* TASK DESCRIPTION: Line by line, please look for the word "Pahor" in the following records, then copy each line you find it in.

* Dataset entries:
------------------------------------

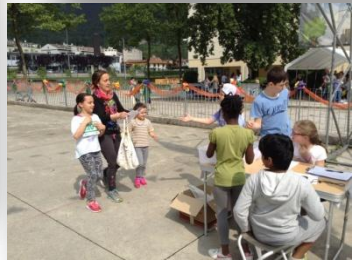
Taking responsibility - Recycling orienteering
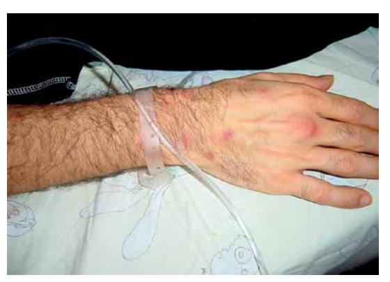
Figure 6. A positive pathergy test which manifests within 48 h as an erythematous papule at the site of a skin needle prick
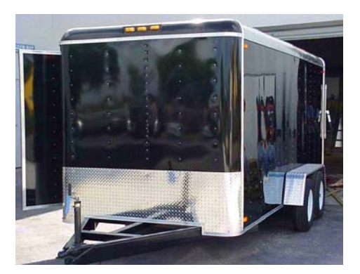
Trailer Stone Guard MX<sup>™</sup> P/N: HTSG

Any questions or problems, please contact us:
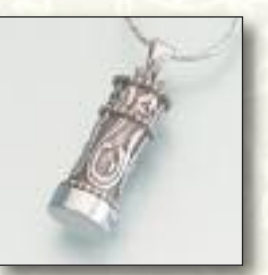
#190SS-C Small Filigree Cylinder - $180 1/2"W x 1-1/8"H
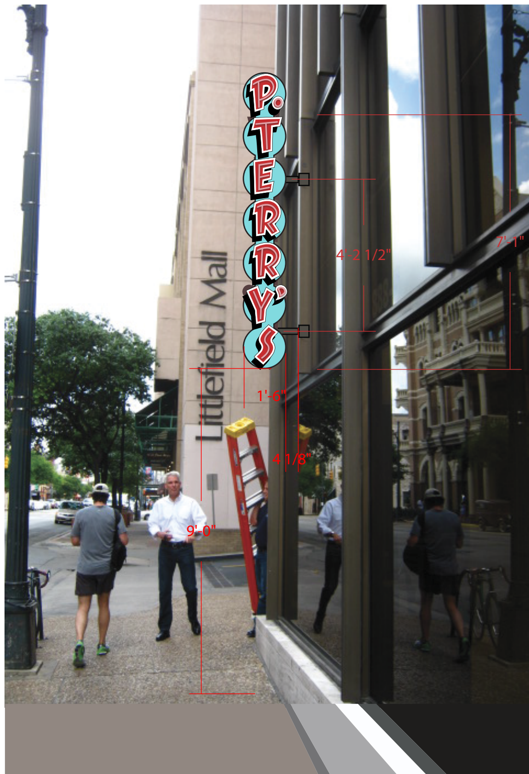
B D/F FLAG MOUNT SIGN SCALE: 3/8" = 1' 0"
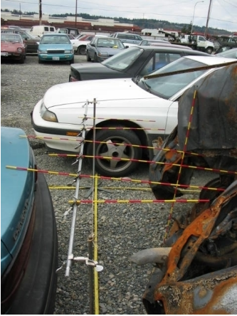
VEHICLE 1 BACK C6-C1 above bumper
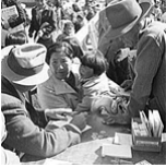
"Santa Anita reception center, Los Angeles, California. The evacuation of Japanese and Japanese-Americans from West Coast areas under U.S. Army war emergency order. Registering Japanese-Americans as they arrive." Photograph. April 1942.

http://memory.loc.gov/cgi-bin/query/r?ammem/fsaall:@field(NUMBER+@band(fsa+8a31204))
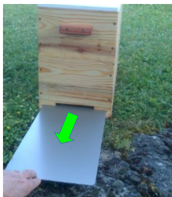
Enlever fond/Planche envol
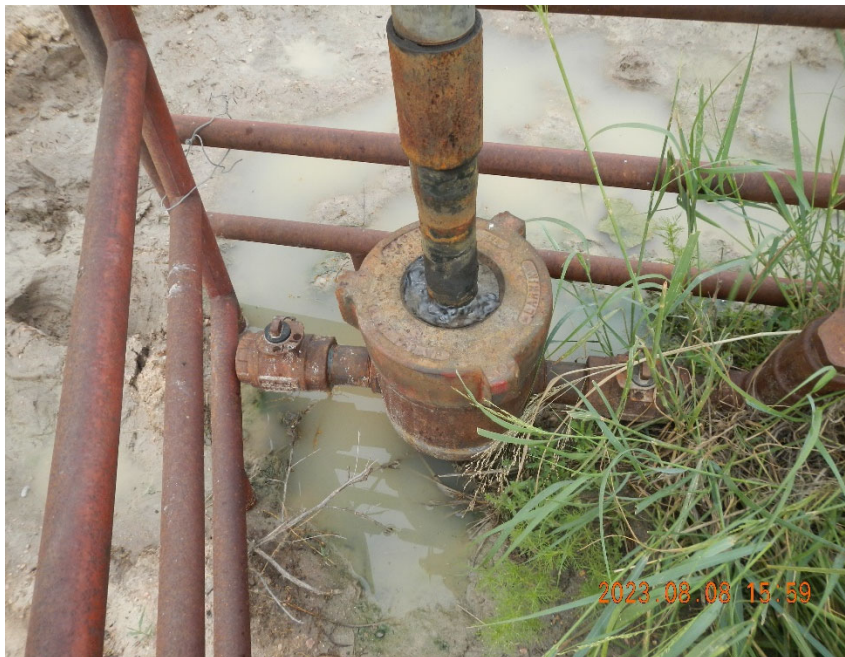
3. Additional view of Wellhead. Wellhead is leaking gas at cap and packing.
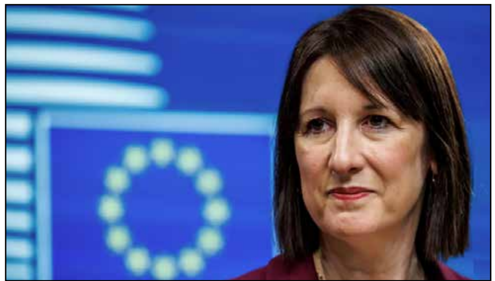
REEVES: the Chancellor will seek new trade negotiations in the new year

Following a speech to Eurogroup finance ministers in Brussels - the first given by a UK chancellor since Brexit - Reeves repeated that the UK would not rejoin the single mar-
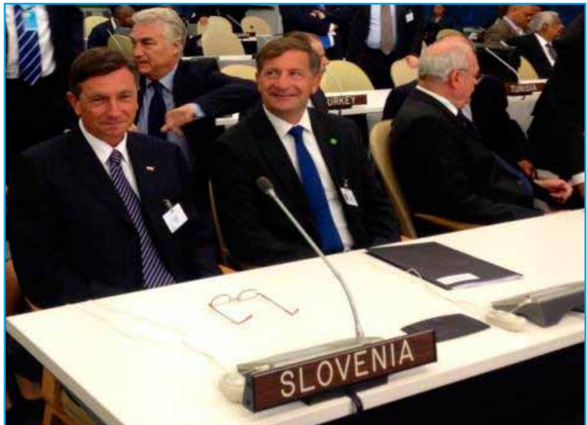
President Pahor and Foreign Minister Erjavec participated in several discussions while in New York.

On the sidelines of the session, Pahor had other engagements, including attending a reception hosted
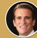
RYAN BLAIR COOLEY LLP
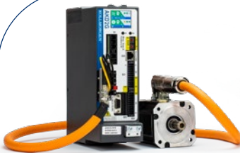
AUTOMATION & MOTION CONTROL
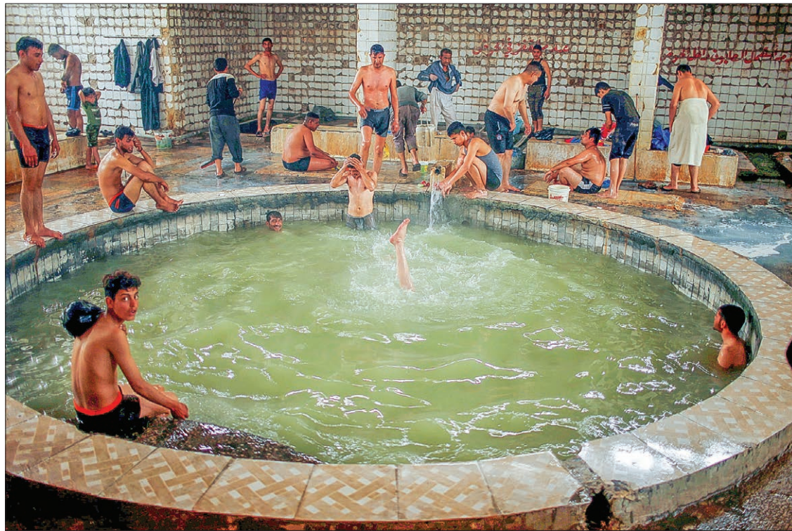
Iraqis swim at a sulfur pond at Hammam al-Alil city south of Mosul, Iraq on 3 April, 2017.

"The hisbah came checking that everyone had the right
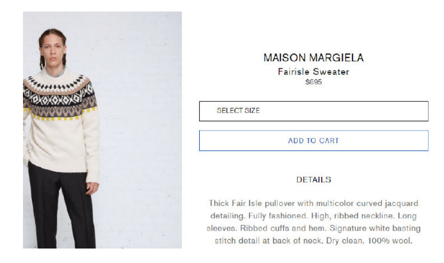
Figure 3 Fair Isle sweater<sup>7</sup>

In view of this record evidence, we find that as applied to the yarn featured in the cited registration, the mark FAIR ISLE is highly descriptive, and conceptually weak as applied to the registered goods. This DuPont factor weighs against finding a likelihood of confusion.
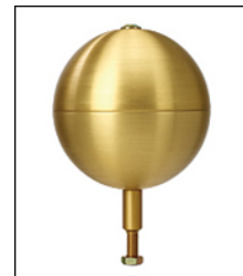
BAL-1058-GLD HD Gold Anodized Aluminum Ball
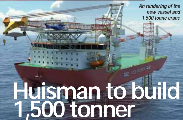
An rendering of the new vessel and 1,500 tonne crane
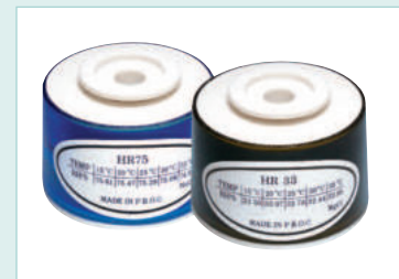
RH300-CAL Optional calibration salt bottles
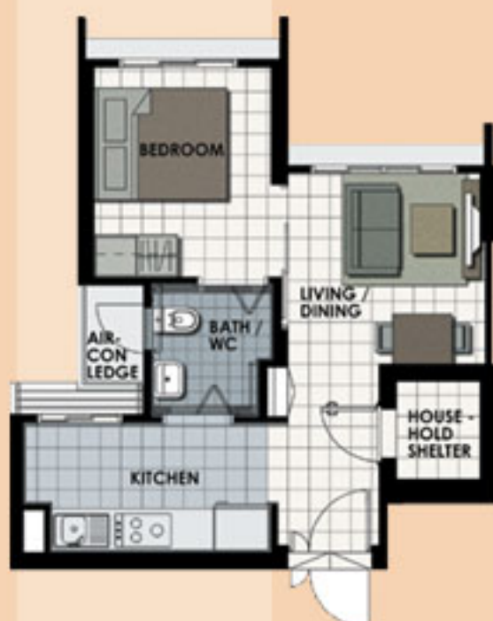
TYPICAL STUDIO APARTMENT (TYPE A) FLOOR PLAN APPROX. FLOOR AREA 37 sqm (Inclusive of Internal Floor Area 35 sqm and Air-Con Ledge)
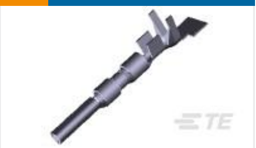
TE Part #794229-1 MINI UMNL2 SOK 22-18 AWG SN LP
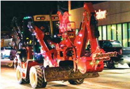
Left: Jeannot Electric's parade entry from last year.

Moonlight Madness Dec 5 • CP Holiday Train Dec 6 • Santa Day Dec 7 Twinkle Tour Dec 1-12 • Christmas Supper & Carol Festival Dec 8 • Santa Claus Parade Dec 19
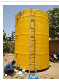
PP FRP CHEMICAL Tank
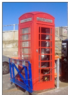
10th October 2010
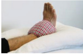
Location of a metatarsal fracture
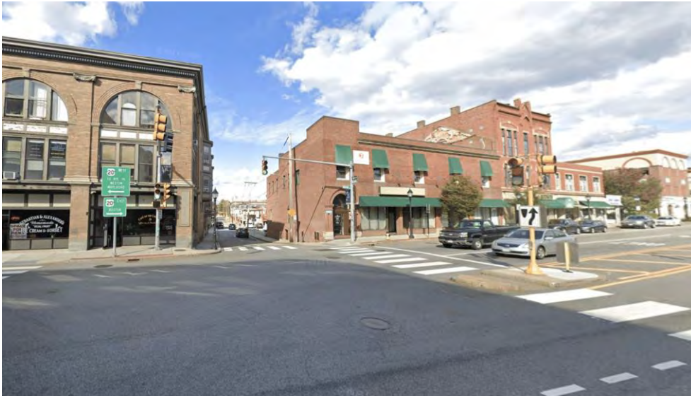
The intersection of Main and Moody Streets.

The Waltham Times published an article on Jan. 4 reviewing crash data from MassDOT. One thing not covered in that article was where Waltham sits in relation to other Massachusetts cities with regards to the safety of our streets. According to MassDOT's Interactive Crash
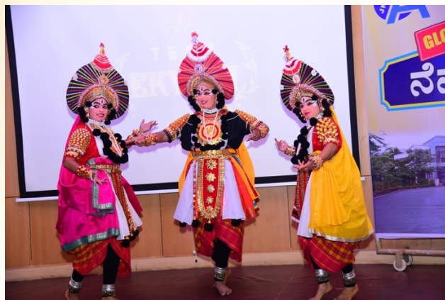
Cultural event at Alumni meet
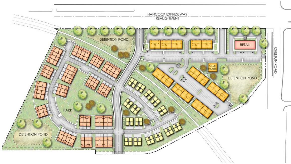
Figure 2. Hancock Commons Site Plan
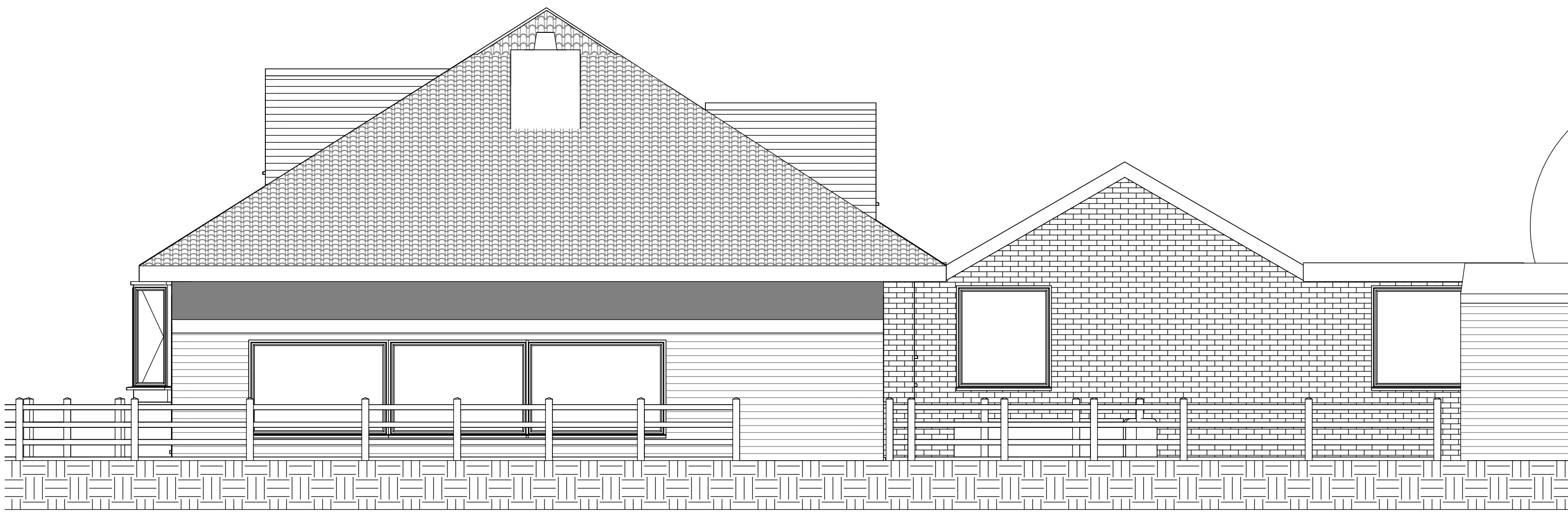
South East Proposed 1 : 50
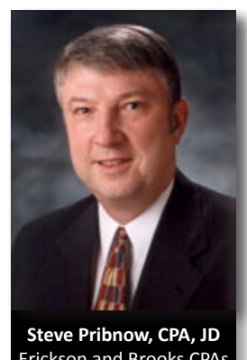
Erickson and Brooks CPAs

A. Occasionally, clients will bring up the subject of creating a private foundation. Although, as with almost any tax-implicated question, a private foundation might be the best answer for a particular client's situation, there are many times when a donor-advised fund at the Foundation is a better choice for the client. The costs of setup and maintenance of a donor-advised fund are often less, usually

------------------------------------

* FINISHED TASK:
President Pahor and Foreign Minister Erjavec participated in several discussions while in New York.
On the sidelines of the session, Pahor had other engagements, including attending a reception hosted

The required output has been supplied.